Ripples of reform from Riyadh have been attracting positive press for the Saudis in Washington. The government recently pledged to permit women to drive, allow movie theaters into the country and to teach physical education to girls in schools. These are important steps, especially for gender equality. This month, Saudi Arabia’s Crown Prince Mohammed bin Salman, who has gotten credit for many of these reforms, ended up winning Time Magazine readers’ poll for Person of the Year.
But, in celebrating these moves, many seem happy to gloss over the young prince’s more problematic track record. Prince Bin Salman’s surprising decision to detain elites at five-star hotels in Riyadh on allegations of corruption apparently without due process, demands more scrutiny. So does his responsibility for the ongoing humanitarian catastrophe in neighboring Yemen.
The war in Yemen, and Prince Bin Salman’s prominent role in it as defense minister, fits poorly into a narrative of a visionary young reform-oriented leader. Since March 2015, Saudi Arabia has led a coalition of Arab countries against the Houthi armed group, which controls much of Yemen. There has been nothing bold or transformative about his coalition’s relentless bombing of Yemen’s civilians while denying to hold any of his own forces accountable for their war crimes. As restrictions on imports push millions of Yemenis further into famine and aid the spread of normally treatable diseases, Prince Bin Salman shouldn’t be getting a free pass. Instead, he and other senior coalition leaders should face international sanctions.
Imposing targeted sanctions for the indiscriminate bombing and unlawful blockading of essential goods to Yemen’s civilian population is well within the U.N. Security Council’s mandate. The council passed a resolution back in 2015 that gave it the power to place travel bans and asset freezes on anyone responsible for obstructing the delivery of life-saving aid. It has the power to put sanctions on anyone violating the laws of war in Yemen. Coalition leaders, including Prince bin Salman, meet that threshold.

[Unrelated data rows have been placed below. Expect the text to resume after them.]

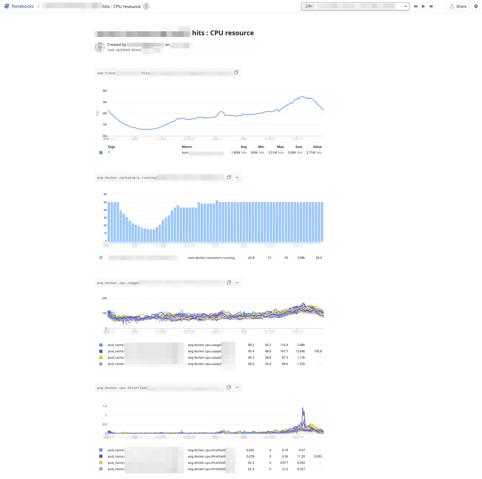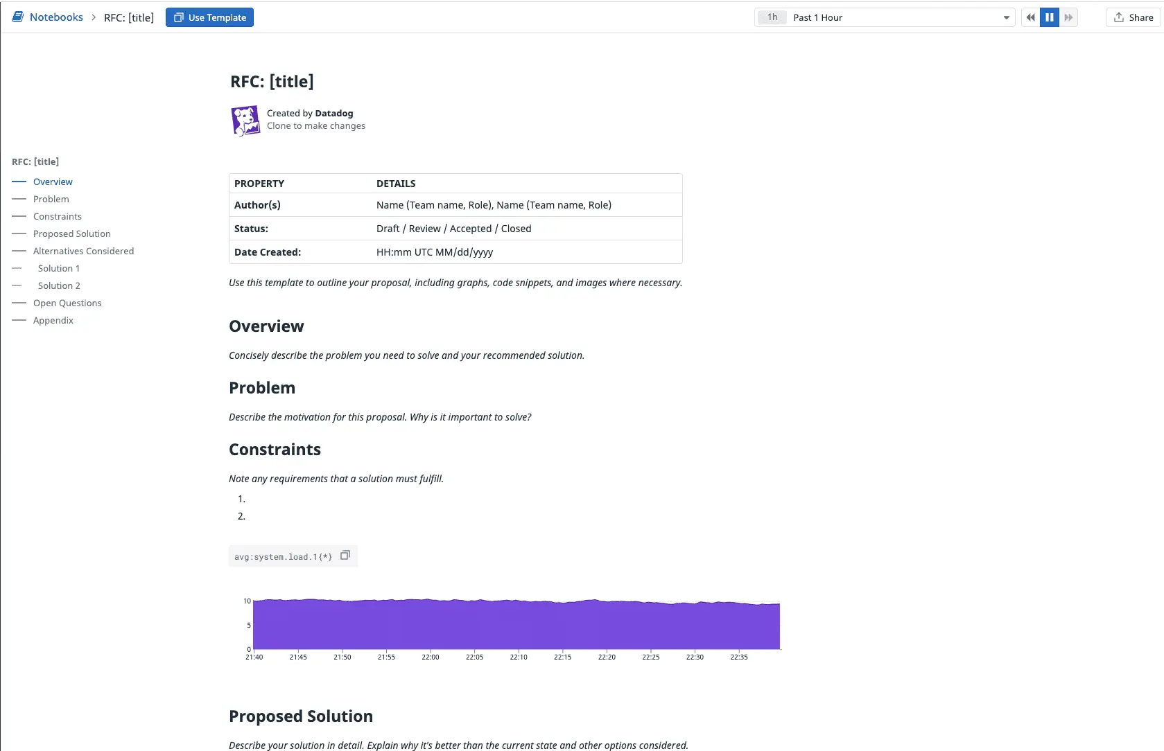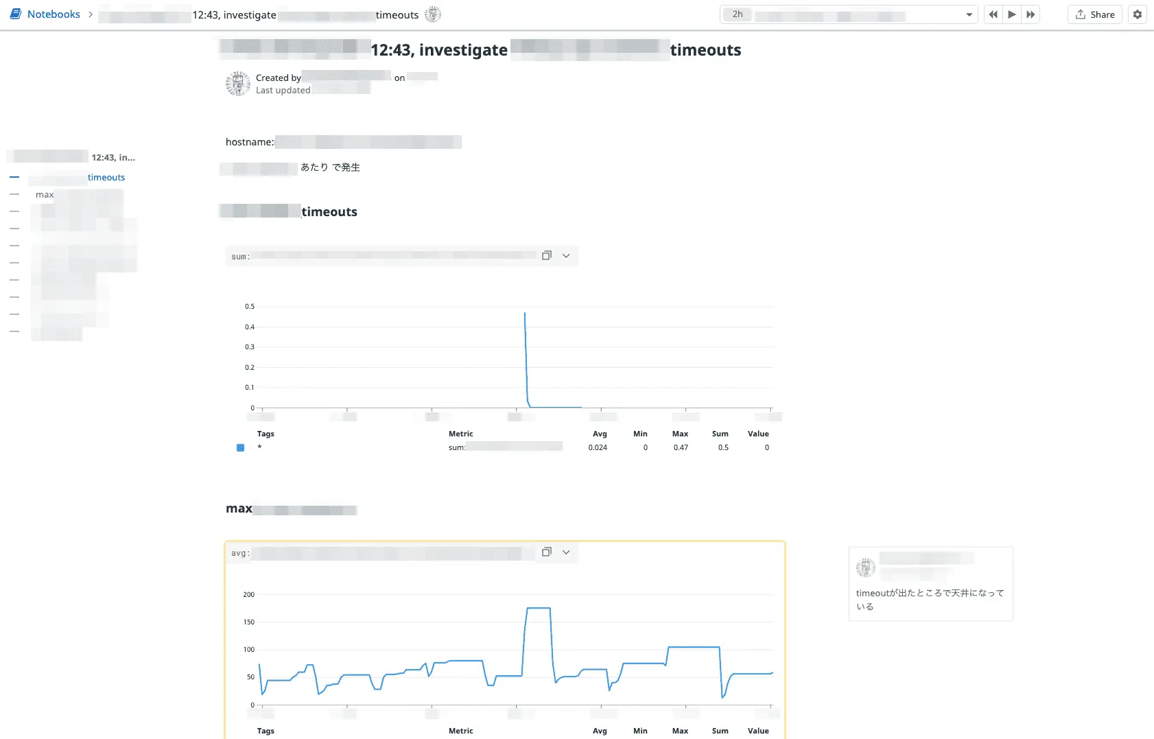 Datadogには ノートブック という機能がある。 これは何かというと、いわゆるJupyter Notebook のDatadog版で、テキストを書いたり、特定の時間帯のメトリクス、トレース、ログなどDatadog上のなにがしを載せたりできる。ライブコラボレーションもできる上に、横にコメントもつけられる。
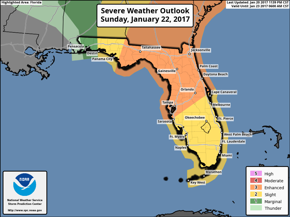 Tomorrow evening into the overnight hours we will see a squall line associated with a cold front sweep through the area.  Thee is potential for gusty winds, small hail, lightning, and a possible tornado.  I will have let on this later today.  Currently the SPC has the entire south Florida area in a “slight” chance of severe weather.
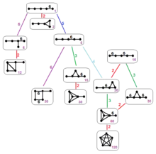 Гілки діаграми Коксетера — Динкіна позначаютьсяраціональними числами p, відповіднимидвогранним кутами 180° / p. Якщо p = 2, кут дорівнює 90° і дзеркала не впливають одне на одного, гілка може бути виключена з діаграми. Якщо гілка не позначена, домовляються, що p = 3, що відповідає куту 60°. Два паралельних дзеркала мають гілку, позначену знаком «∞». У загальному випадку, n відображень можуть бути представлені повним графом, в якому всі n(n − 1) / 2 гілок намальовані. На практиці, майже всі цікаві комбінації відображень містять деяку кількість прямих кутів, так що відповідні гілки можуть бути виключені.
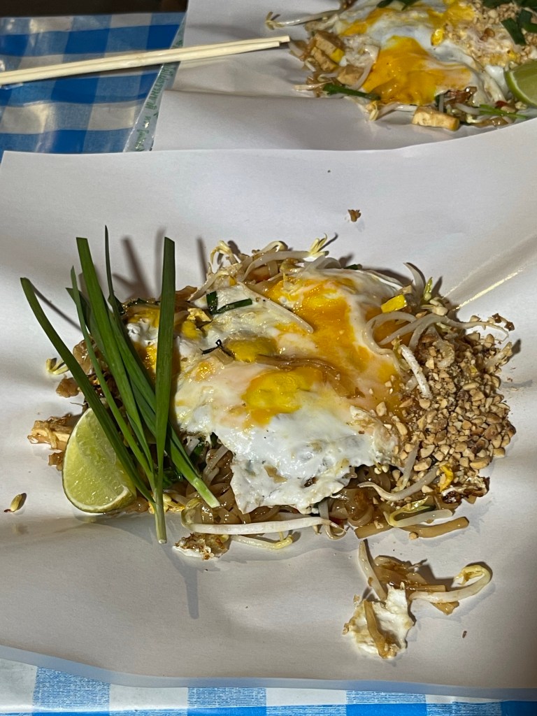 Abends drauf landen wir dafür bei einem älteren Ehepärchen im „Wohnzimmer“. Jedenfalls stehen die drei Tische direkt angrenzend zu einem Raum, der wie das Wohnzimmer der beiden aussieht. Die zwei sind wirklich goldig und während er ein weltklasse Pad Thai zubereitet, unterhält sie sich ziemlich gut auf Englisch mit uns. Ungewöhnlich, denn in Chiang Rai spricht kaum jemand englisch, auch nicht die jüngeren Leute. Für eine alte Dame daher sehr überraschend. Aber wir freuen uns natürlich, uns ein bisschen unterhalten zu können.
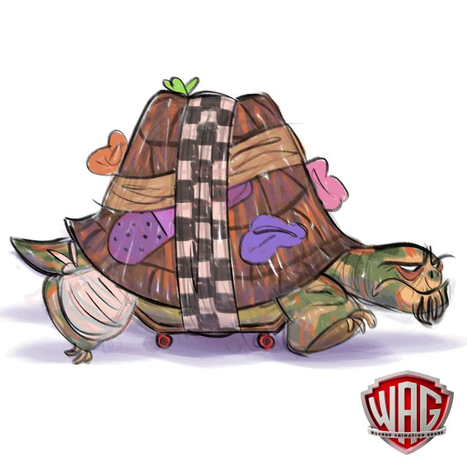 In 2017 I did some super early development on DC League of Super-Pets. For Merton I decided to play around with an idea that he had been found with a cracked shell by a little girl who took him home and tried to patch him up with bandaids, rubber bands, gum, and a C-clamp.
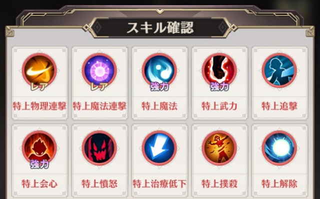 ただし…スキルは同じものを装備させても、どちらか効果が高いもののみが反映されるだけなので、被らないように注意すること。
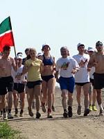 В Казани на Горьковском шоссе зеленодольскую команду, облачившуюся в белые футболки и кепки с символикой марафона, весело встречали казанские любители спорта. Вот уже несколько лет марафонцы из Казани и Зеленодольска вместе бегут дистанцию в 37 километров.

In a world experiencing countless disasters, Yemen holds the ignominious place of having the world’s largest humanitarian crisis and worst cholera epidemic. Even before the Saudi-led military campaign, Yemen was the Middle East’s poorest country. Now, the United Nations is warning that Yemen is “on the cusp of one of the largest famines in modern times.”
The coalition justifies these restrictions by pointing to Houthi-Saleh forces’ use of a ballistic missile in November allegedly smuggled in from Iran. The Saudis say they downed another Houthi-fired missile directed to Riyadh today. U.S. Ambassador to the United Nations Nikki Haley recently stood in front of a display of missile fragments that she called “concrete evidence” of Iran’s “hostile actions.” Iran denies the claim. Setting aside the origin of the weapon, it’s true that a Houthi attack in November directed at Riyadh’s international airport was indiscriminate and a likely war crime. But while the laws of war allow blockades as a military tactic, they don’t permit restrictions that have a disproportionate impact on civilians.
The coalition is not the only warring party in Yemen committing abuses. We have documented arbitrary detentions, enforced disappearances and mistreatment of political opponents, activists and journalists by the Houthis, while they block aid and indiscriminately shell Yemeni cities. Forces loyal to the former longtime president and recently deceased Ali Abdullah Saleh were implicated in war crimes as well.
But so far, the United Nations has taken a lopsided approach to Yemen’s conflict. The Security Council imposed travel bans and asset freezes on Houthi leaders responsible for abuses and on their erstwhile ally Saleh. The United Nations has information that points to the need for similar individual sanctions on coalition members, including military leaders in the United Arab Emirates and Saudi Arabia. But mostly because of the power of Saudi Arabia’s allies — the United States, France and the United Kingdom — the Security Council hasn’t acted. Despite the worsening humanitarian situation, it’s been six months since the council said anything on Yemen, emboldening the coalition on its destructive path.
The United States has supported the coalition, militarily and diplomatically. In a policy that dates back to the Obama administration, U.S. forces refuel coalition planes on bombing runs. Earlier this month, President Trump made a first move toward addressing coalition abuses with two White House statements publicly calling on the Saudis to allow life-saving food, fuel, medicines and goods into Yemen.
As the defense minister of the nation leading the coalition, Prince bin Salman should shoulder responsibility for the coalition’s violations of international law. Trump set the tone with his early December White House statements asking the Saudis to change course. But they haven’t. Now he should put a threat into the mix by directing Haley to begin a conversation in New York around sanctions on coalition leaders. Some may see this as a long shot, but it’s the right thing to do. Moreover, the international tide is turning — even the British government is now openly suggesting that the Saudi coalition’s continuing restrictions on essential goods are in breach of international humanitarian law.
Continuing to shield the Saudis will abandon millions of Yemenis to further death and misery. The Crown Prince shouldn’t be able to paper over abuses abroad with talk of reform at home.